PAY ATTENTION, in the example above, we should escape the backslash, so we've got double backslashes '\\'

Operator: ><

whether left crosses right, either up or down.

Operator: < | <= | == | >= | >

For a certain record of the same time, whether the value of left is less than / less than or equal to / equal to / larger than or equal to / larger than the value of right.

Errors

from stock_pandas import (
    DirectiveSyntaxError,
    DirectiveValueError
)

DirectiveSyntaxError

Raises if there is a syntax error in the given directive.

stock['''
repeat
    :   5
    @   (
            close >> boll.upper
        )
''']

DirectiveSyntaxError might print some messages like this:

File "<string>", line 5, column 26

   repeat
       :   5
       @   (
>              close >> boll.upper
           )

                     ^
DirectiveSyntaxError: unexpected token ">>"

DirectiveValueError

Raises if

  • there is an unknown command name
  • something is wrong about the command arguments
  • etc.

About Pandas Copy-on-Write (CoW) Mode

Since 1.3.0, stock-pandas starts to support pandas copy-on-write mode

You could enable pandas copy-on-write mode by using pd.options.mode.copy_on_write = True

or using the environment variable:

export STOCK_PANDAS_COW=1

Advanced Sections

How to Define a New Command

How to extend stock-pandas and support more indicators

This section is only recommended for contributors, but not for normal users, for that the API might change in the future.

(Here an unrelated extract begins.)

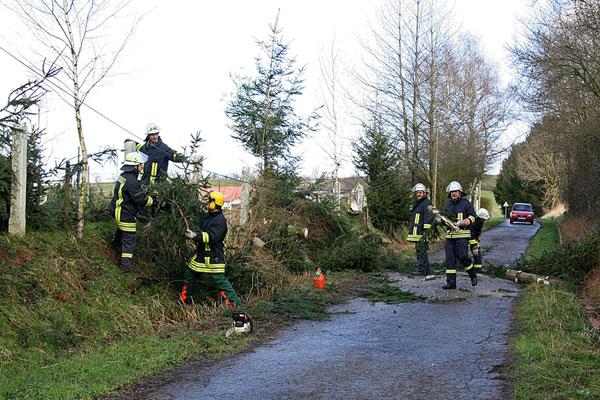 Gegen 21:55 Uhr musste der Löschbezirk Habach am 29. Februar 2008 zu einem Sturmeinsatz ausrücken: Auf der L301 war in Höhe des Sportplatzes ein Baum durch die starken Windböen umgefallen und versperrte die Landstraße kurz vor dem Ortseingang von Habach. Mit einer Kettensäge wurde der Baum von den Einsatzkräften zerlegt und die Fahrbahn gereinigt.

Since 4.0.0, stock-pandas uses structured classes instead of tuples and dicts to define commands, making the API more explicit and type-safe.

from stock_pandas import (
    StockDataFrame,
    CommandPreset,
    CommandArgType,
    CommandArg,
    CommandDefinition,
    ReturnType
)

To add a new indicator to stock-pandas, use the StockDataFrame.define_command class method:

# Define a new command
StockDataFrame.define_command(
    'new-indicator',
    CommandDefinition(
        preset=CommandPreset(
            formula=formula,
            lookback=lookback_function,
            args=args_list,
            series=series_list
        ),
        sub_commands=sub_commands_dict,
        aliases=aliases_dict
    )
)

For a simple indicator, such as simple moving average, you could check the implementation here.

CommandFormula: formula(*args, *series) -> ReturnType

formula is a Callable[..., Tuple[ndarray, int]].

The formula receives arguments in the following order:

  1. Regular arguments (from CommandPreset.args) - these are specified with : in directive syntax
  2. Series arguments (from CommandPreset.series) - these are specified with @ in directive syntax and can be column names or directives

The formula returns ReturnType, which is Tuple[ndarray, int]:

  • The first item is the calculated result as a numpy ndarray.
  • The second item is the minimum periods needed to calculate the indicator.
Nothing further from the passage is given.